Section 14-7-1020 of the South Carolina Code (Supp. 2003), explains the duties of a trial judge when a party makes a motion asserting a juror has an interest in the cause of action or has the appearance of bias or prejudice.  This section instructs the trial judge to disqualify the juror if it appears that the juror is not indifferent.  Id.  A juror who is acquainted with a party typically will not be excused when the failure to disclose the relationship is inadvertent and there is an indication that the juror has the ability to be fair and impartial.  See State v. Stone, 350 S.C. 442, 448, 567 S.E.2d 244, 247-48 (2002) (holding removal of a juror acquainted with the defendant’s aunt was in error when the juror was only casually acquainted with the juror’s aunt and the juror indicated to the trial judge her ability to be fair and impartial); Wilson v. Childs, 315 S.C. 431, 437, 434 S.E.2d 286, 290 (Ct. App. 1993) (declining to find an abuse of discretion when the trial judge refused to excuse jurors due to relationships with either a party or the party’s attorney because the jurors voluntarily disclosed the relationships and stated his or her ability to be impartial). 
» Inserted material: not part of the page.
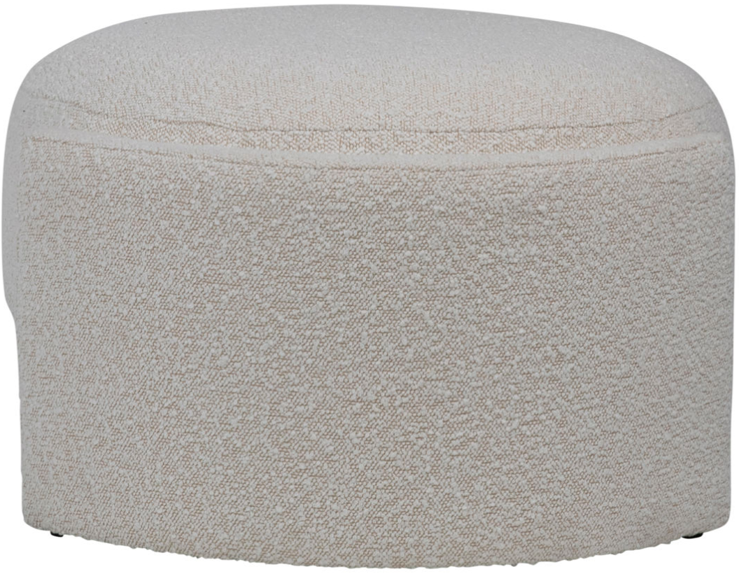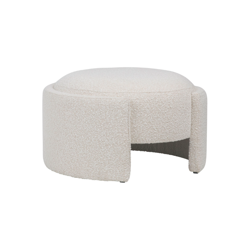 Add a contemporary touch to your seating arrangement with this lovely ottoman. Featuring a round frame supported by a stunning off-white boucle upholstery for extra softness and comfort. Use this ottoman as a centre table to display small tray and knick-knacks or as a place to prop your feet up after a long day. Performance Fabric

In the case at bar, the juror voluntarily disclosed her relationship to Conner and stated her ability to be impartial.  The juror notified the trial judge upon her discovery that she knew of Conner and later clarified that she did not know Conner personally but knew his stepdaughter.  Despite the statement from Bryant’s counsel that the juror appeared to be emotional and crying, we could discern no independent indication that this juror was acting in any such manner.  Moreover, on each occasion she was questioned, the juror stated that she felt she could be fair and impartial.  Thus, we find the trial judge did not abuse his discretion in declining to excuse the juror. 

CONCLUSION

We find Bryant’s issue concerning the admission of Conner’s biomechanics expert testimony not to be preserved for appeal.  Additionally, we find the trial judge did not err in declining to excuse a juror based on her relationship with Conner’s stepdaughter.  Accordingly, the decision of the trial court is

AFFIRMED.

HEARN, C.J., HUFF and KITTREDGE, JJ., concur. 


[1] The trial judge did not make any specific finding qualifying Conner’s witness as an expert in biomechanical engineering or accident reconstruction.   However, Bryant conceded that the witness was a biomechanical engineer expert.